> **Try it**:
When you reach the line below that has "De esta manera, la", start returning lines exactly, and stop after the line that has "雅安紅色文化傳播有限公司采購"; skip the pictures.
[[ Records shown, beginning ]]
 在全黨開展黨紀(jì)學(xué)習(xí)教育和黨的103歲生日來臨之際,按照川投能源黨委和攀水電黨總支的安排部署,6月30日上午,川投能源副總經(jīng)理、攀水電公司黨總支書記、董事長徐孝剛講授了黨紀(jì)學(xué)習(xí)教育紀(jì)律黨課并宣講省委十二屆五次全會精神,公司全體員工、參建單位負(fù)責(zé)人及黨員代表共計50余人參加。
[[ Records shown, end ]]
[[ Records shown, beginning ]]
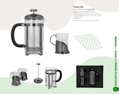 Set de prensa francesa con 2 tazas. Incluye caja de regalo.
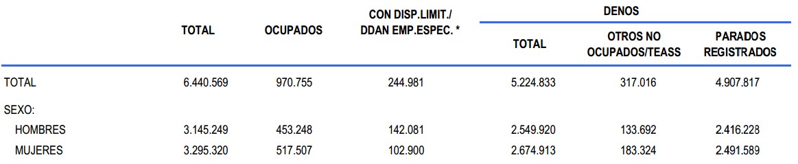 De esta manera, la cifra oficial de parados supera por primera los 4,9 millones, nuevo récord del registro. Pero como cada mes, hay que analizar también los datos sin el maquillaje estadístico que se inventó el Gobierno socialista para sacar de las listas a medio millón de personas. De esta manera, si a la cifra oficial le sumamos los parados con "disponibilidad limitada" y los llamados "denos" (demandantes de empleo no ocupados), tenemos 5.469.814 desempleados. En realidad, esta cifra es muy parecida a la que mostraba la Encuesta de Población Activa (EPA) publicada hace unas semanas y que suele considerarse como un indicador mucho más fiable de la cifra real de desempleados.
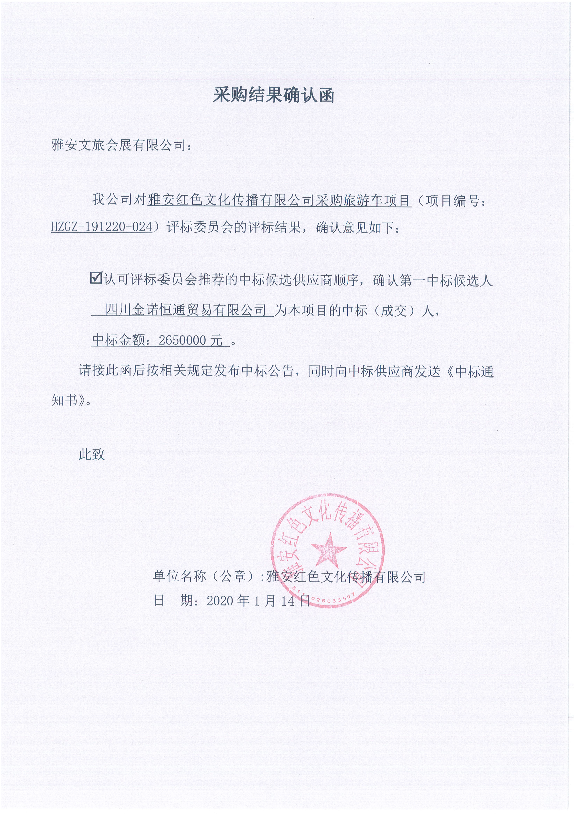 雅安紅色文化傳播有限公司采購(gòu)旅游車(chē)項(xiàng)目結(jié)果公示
[[ Records shown, end ]]
> **Answer for this exercise**:
 De esta manera, la cifra oficial de parados supera por primera los 4,9 millones, nuevo récord del registro. Pero como cada mes, hay que analizar también los datos sin el maquillaje estadístico que se inventó el Gobierno socialista para sacar de las listas a medio millón de personas. De esta manera, si a la cifra oficial le sumamos los parados con "disponibilidad limitada" y los llamados "denos" (demandantes de empleo no ocupados), tenemos 5.469.814 desempleados. En realidad, esta cifra es muy parecida a la que mostraba la Encuesta de Población Activa (EPA) publicada hace unas semanas y que suele considerarse como un indicador mucho más fiable de la cifra real de desempleados.
 雅安紅色文化傳播有限公司采購(gòu)旅游車(chē)項(xiàng)目結(jié)果公示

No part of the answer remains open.